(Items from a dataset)

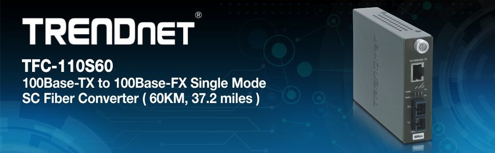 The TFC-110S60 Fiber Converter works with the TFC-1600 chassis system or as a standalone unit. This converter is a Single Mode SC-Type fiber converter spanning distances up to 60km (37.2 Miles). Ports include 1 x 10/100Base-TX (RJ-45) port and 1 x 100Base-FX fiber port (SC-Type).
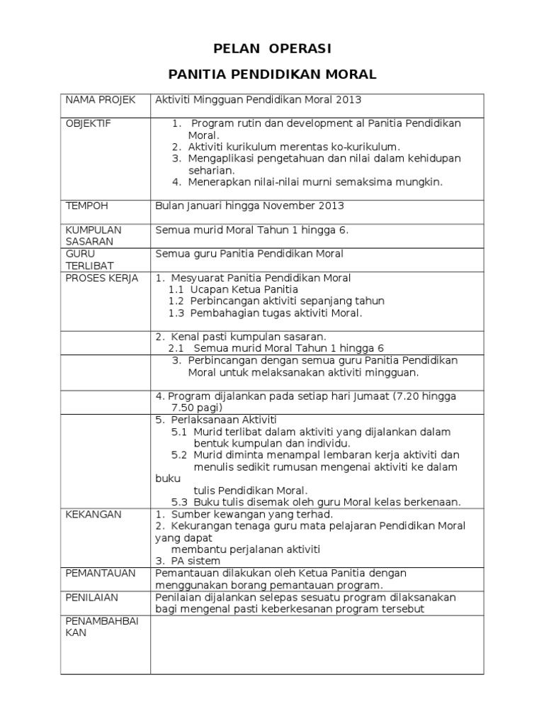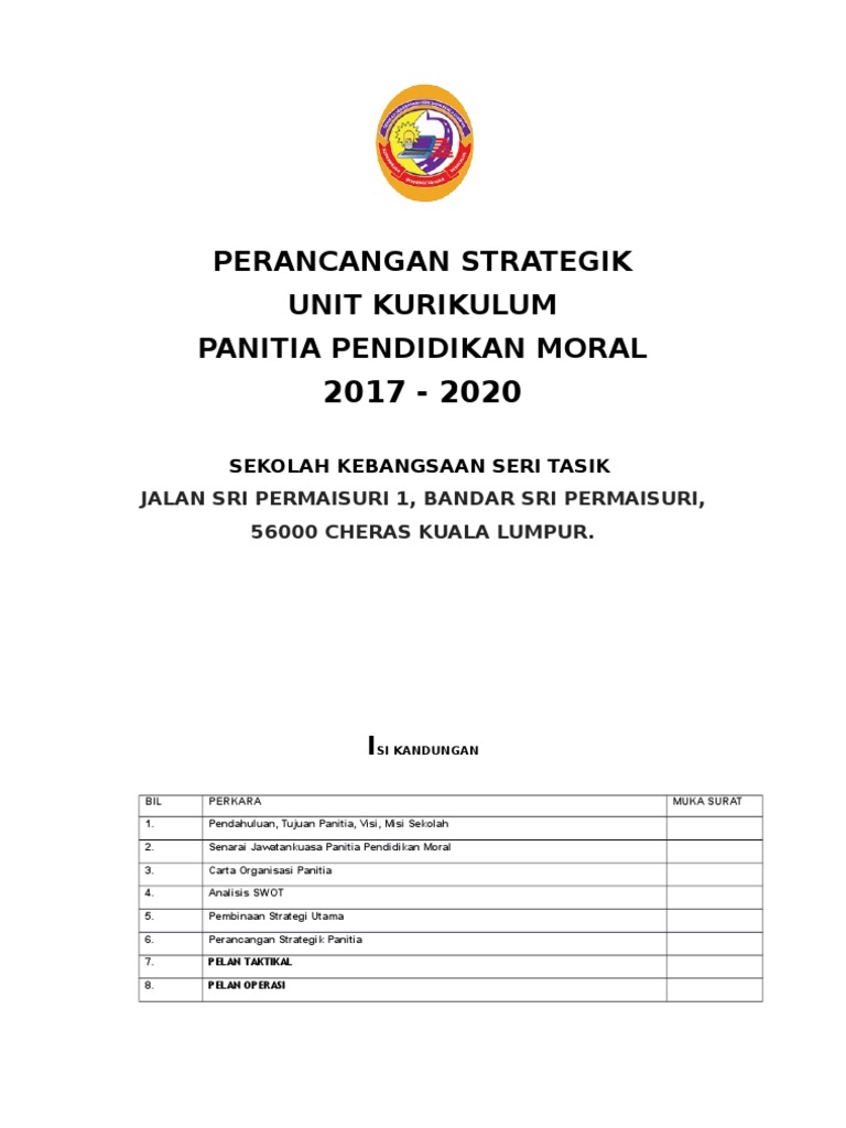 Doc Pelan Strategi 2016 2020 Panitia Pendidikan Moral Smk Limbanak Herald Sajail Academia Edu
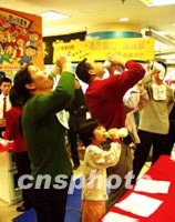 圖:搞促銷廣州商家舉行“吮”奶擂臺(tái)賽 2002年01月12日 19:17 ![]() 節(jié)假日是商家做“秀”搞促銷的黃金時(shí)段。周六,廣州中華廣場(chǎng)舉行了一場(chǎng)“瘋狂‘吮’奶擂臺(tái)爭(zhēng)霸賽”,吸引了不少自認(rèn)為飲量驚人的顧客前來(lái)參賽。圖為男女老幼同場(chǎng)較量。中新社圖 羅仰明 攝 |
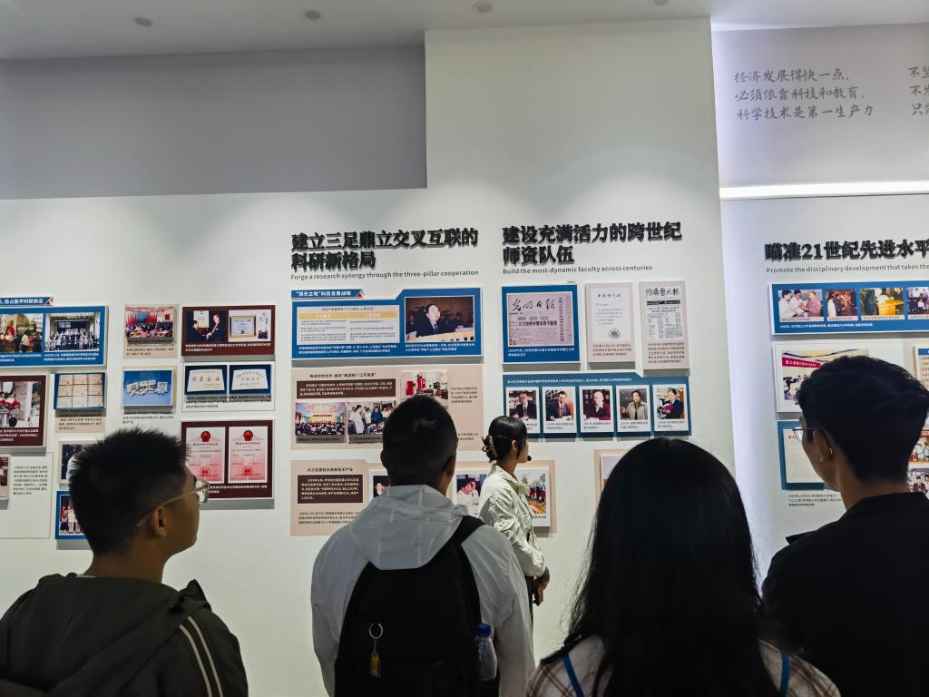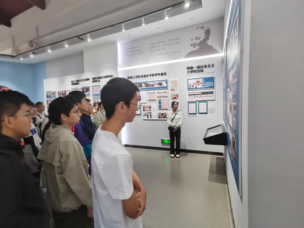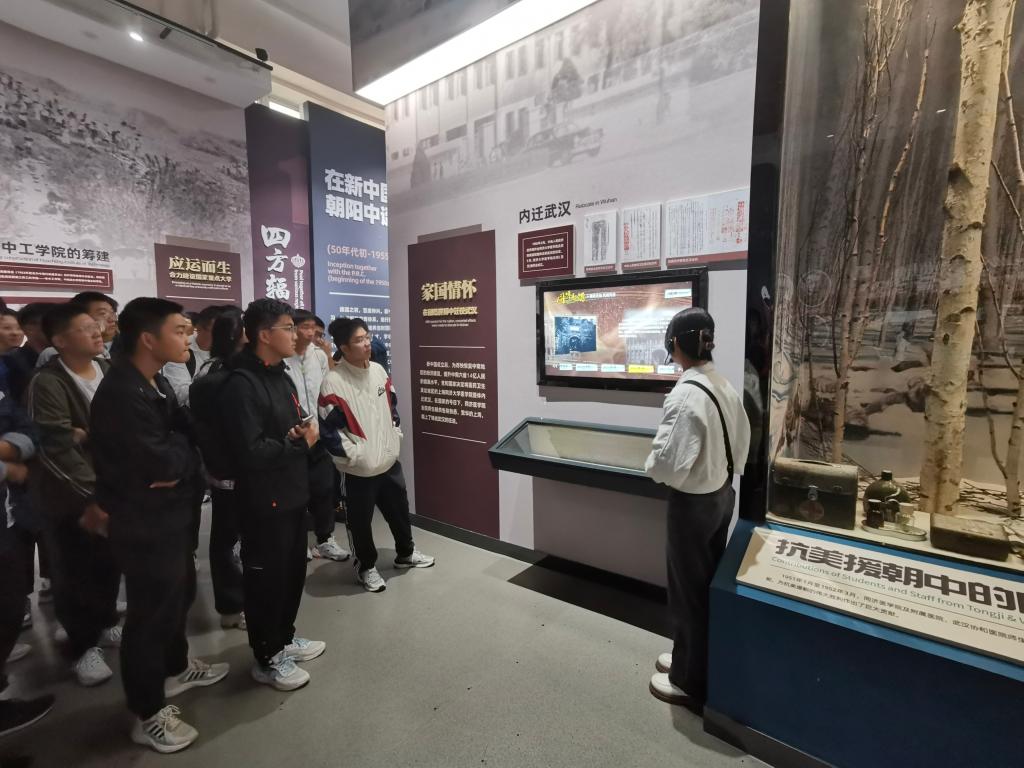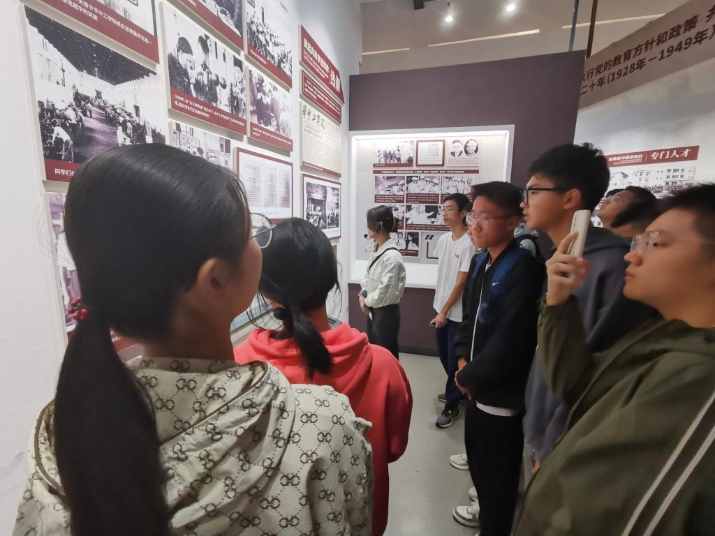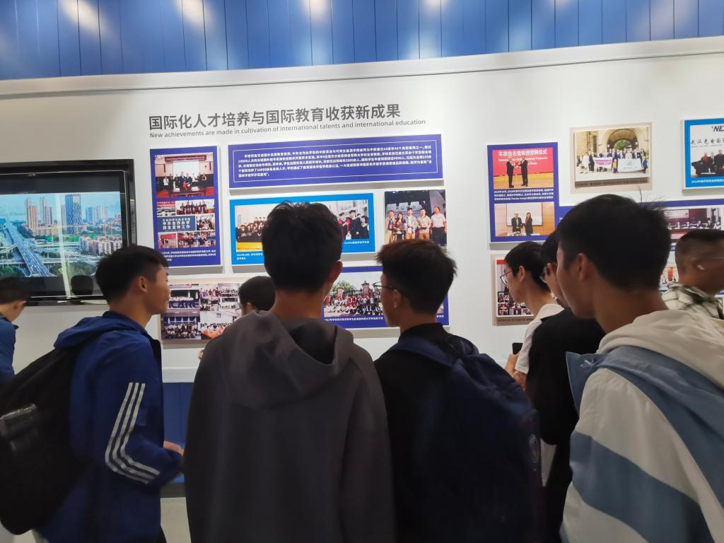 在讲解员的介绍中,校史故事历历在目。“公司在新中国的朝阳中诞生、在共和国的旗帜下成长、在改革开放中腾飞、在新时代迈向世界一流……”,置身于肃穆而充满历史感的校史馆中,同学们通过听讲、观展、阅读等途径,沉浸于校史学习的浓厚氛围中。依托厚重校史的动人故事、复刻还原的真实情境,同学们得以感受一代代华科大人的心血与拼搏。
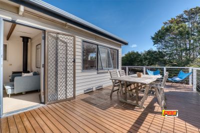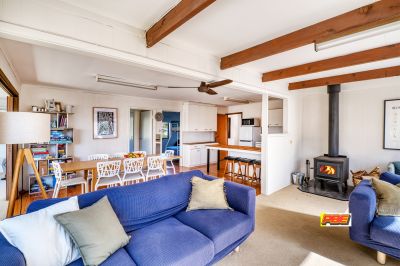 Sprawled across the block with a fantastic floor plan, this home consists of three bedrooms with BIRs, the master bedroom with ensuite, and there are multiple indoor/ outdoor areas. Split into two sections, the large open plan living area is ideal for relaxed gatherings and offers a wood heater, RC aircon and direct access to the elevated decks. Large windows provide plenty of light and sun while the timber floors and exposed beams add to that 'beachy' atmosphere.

#### Activity
Across all the lines above, repeat the wording exactly and omit the pictures.

#### Reply
 The TFC-110S60 Fiber Converter works with the TFC-1600 chassis system or as a standalone unit. This converter is a Single Mode SC-Type fiber converter spanning distances up to 60km (37.2 Miles). Ports include 1 x 10/100Base-TX (RJ-45) port and 1 x 100Base-FX fiber port (SC-Type).
 Doc Pelan Strategi 2016 2020 Panitia Pendidikan Moral Smk Limbanak Herald Sajail Academia Edu
 圖:搞促銷廣州商家舉行“吮”奶擂臺(tái)賽 2002年01月12日 19:17 ![]() 節(jié)假日是商家做“秀”搞促銷的黃金時(shí)段。周六,廣州中華廣場(chǎng)舉行了一場(chǎng)“瘋狂‘吮’奶擂臺(tái)爭(zhēng)霸賽”,吸引了不少自認(rèn)為飲量驚人的顧客前來(lái)參賽。圖為男女老幼同場(chǎng)較量。中新社圖 羅仰明 攝 |
 在讲解员的介绍中,校史故事历历在目。“公司在新中国的朝阳中诞生、在共和国的旗帜下成长、在改革开放中腾飞、在新时代迈向世界一流……”,置身于肃穆而充满历史感的校史馆中,同学们通过听讲、观展、阅读等途径,沉浸于校史学习的浓厚氛围中。依托厚重校史的动人故事、复刻还原的真实情境,同学们得以感受一代代华科大人的心血与拼搏。
 Sprawled across the block with a fantastic floor plan, this home consists of three bedrooms with BIRs, the master bedroom with ensuite, and there are multiple indoor/ outdoor areas. Split into two sections, the large open plan living area is ideal for relaxed gatherings and offers a wood heater, RC aircon and direct access to the elevated decks. Large windows provide plenty of light and sun while the timber floors and exposed beams add to that 'beachy' atmosphere.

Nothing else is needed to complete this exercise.